I have a DataFrame
with some user input (it's supposed to just be a plain email address), along with some other values, like this:
import pandas as pd
from pandas import Series, DataFrame
df = pd.DataFrame({'input': ['Captain Jean-Luc Picard <[email protected]>','[email protected]','[email protected]','William Riker <[email protected]>'],'val_1':[1.5,3.6,2.4,2.9],'val_2':[7.3,-2.5,3.4,1.5]})
Due to a bug, the input sometimes has the user's name as well as brackets around the email address; this needs to be fixed before continuing with the analysis.
To move forward, I want to create a new column that has cleaned versions of the emails: if the email contains names/brackets
then remove those, else just give the already correct email.
There are numerous examples of cleaning string data with Python/pandas
, but I've yet to find successfully implement any of these suggestions.

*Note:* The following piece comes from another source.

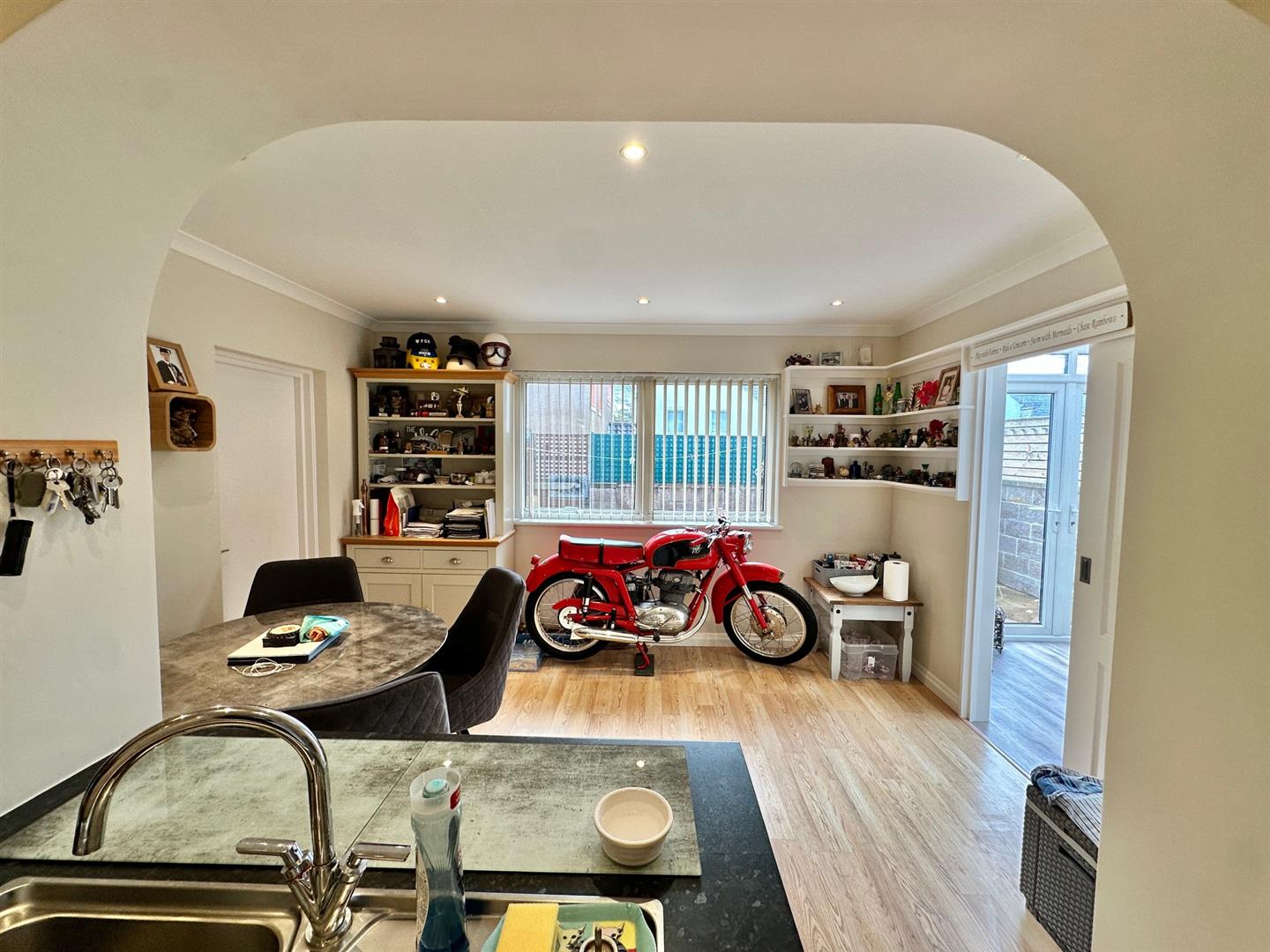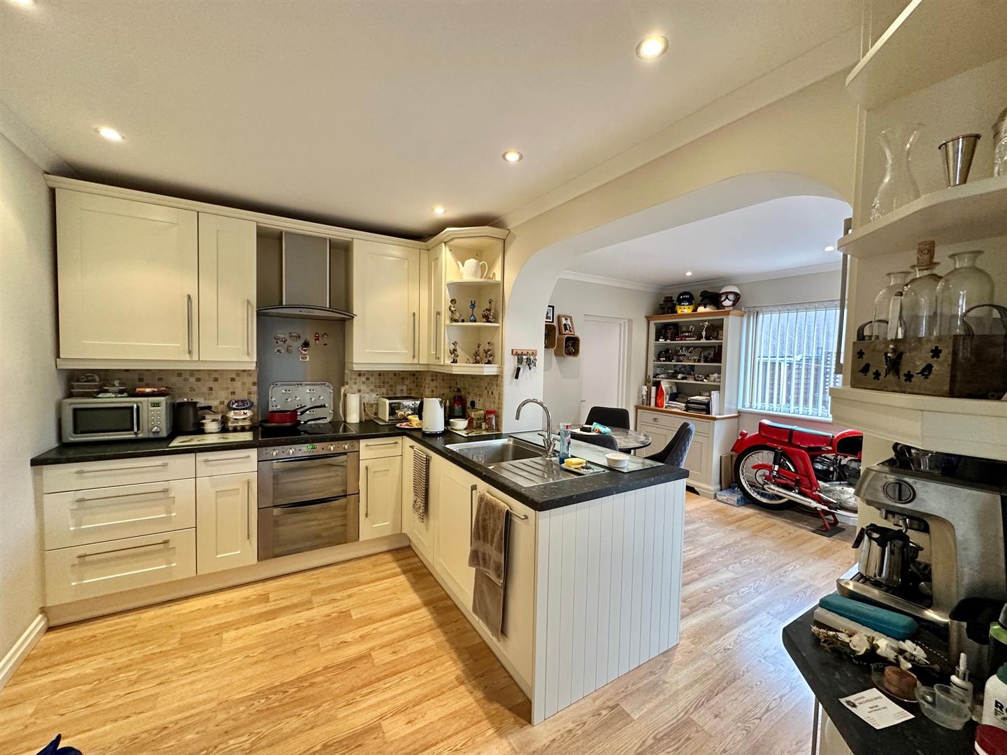 Light & airy great sized kitchen diner with a range of high and low cream kitchen units, laminate worktops, tiled splashbacks and integrated double oven with hobs & extractor over, integrated fridge / freezer, dish washer & stainless steel sink & drainer. There are doors to the lounge, conservatory, integral garage & large window overlooking the rear garden.
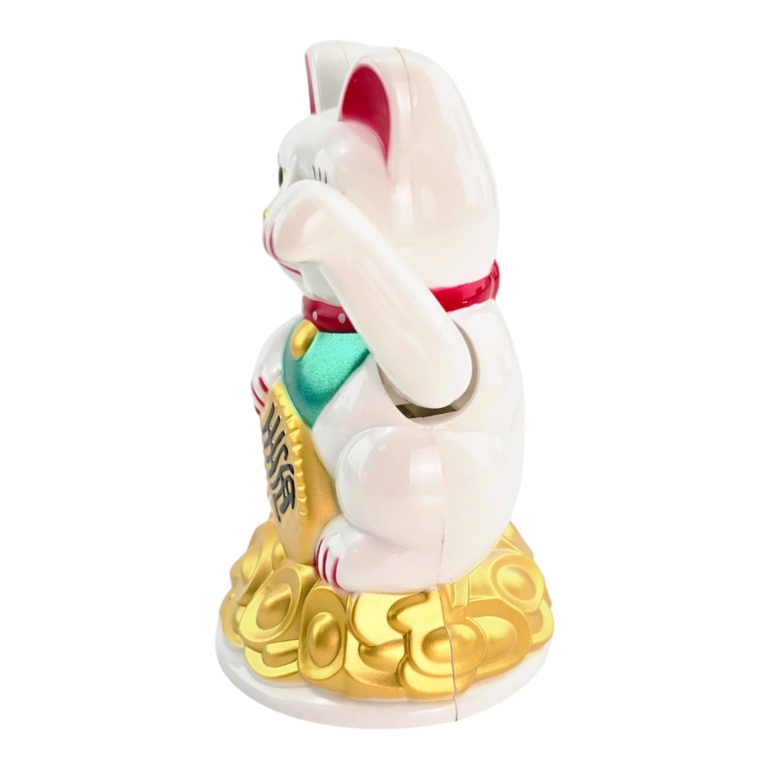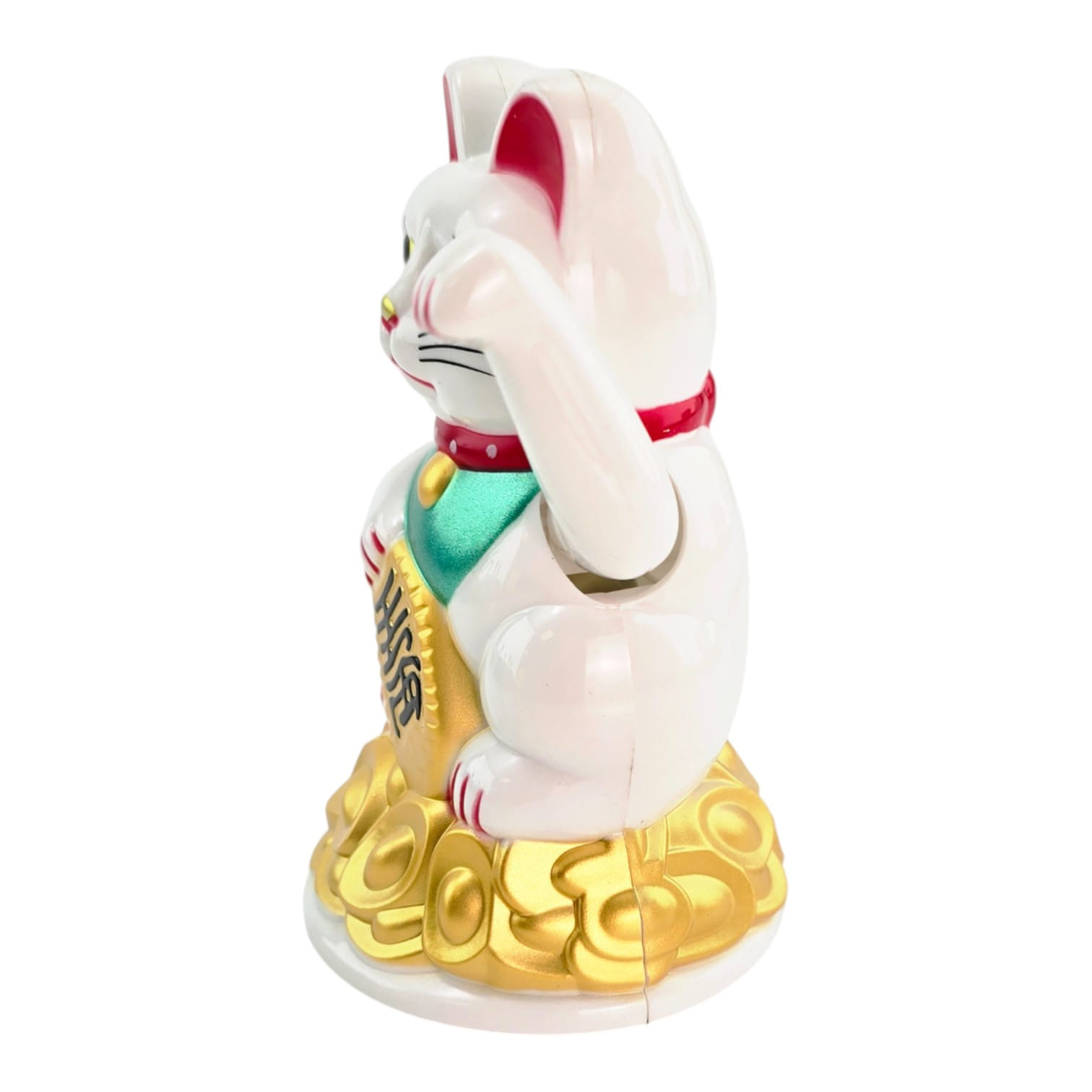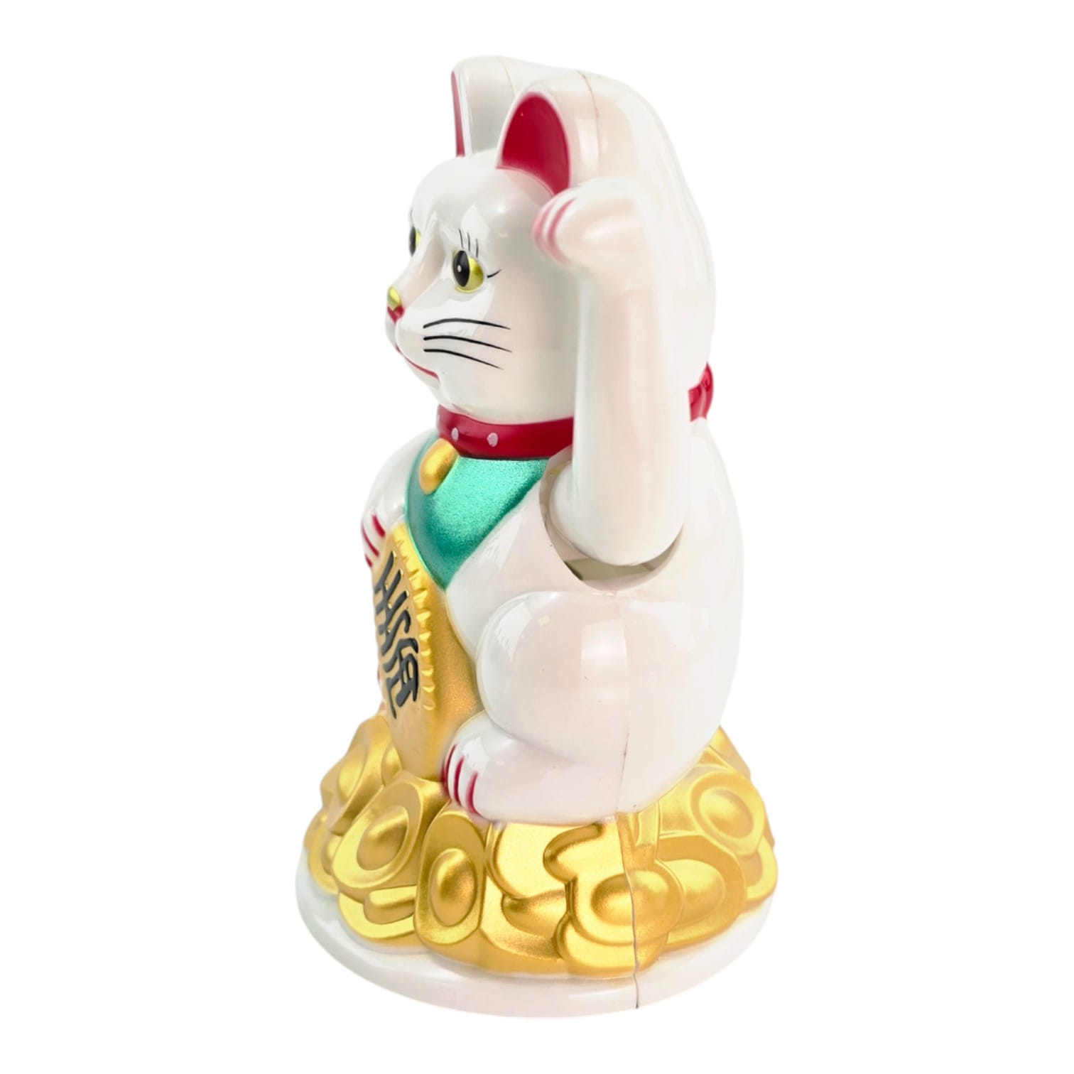 Манэки-нэко — известный «кот удачи», талисман достатка. Фигурка поднимает лапку и ритмично машет ею, как бы призывая удачу и клиентов. В лапе кот держит монету кобан с иероглифами богатства — знак материального благополучия. Такой талисман ставят у входа, на стойке рецепции, на кассе, в витрине, в офисе или дома (зона богатства по фэн-шуй). Работает от одной батарейки AA и станет ярким подарком предпринимателям и любителям восточной символики.

Here are a few examples of what I've tried:
# as noted in pandas docs, turns all non-matching strings into NaN
df['cleaned'] = df['input'].str.extract('<(.*)>')
# AttributeError: type object 'str' has no attribute 'contains'
df['cleaned'] = df['input'].apply(lambda x: str.extract('<(.*)>') if str.contains('<(.*)>') else x)
# AttributeError: 'DataFrame' object has no attribute 'str'
df['cleaned'] = df[df['input'].str.contains('<(.*)>')].str.extract('<(.*)>')
Thanks!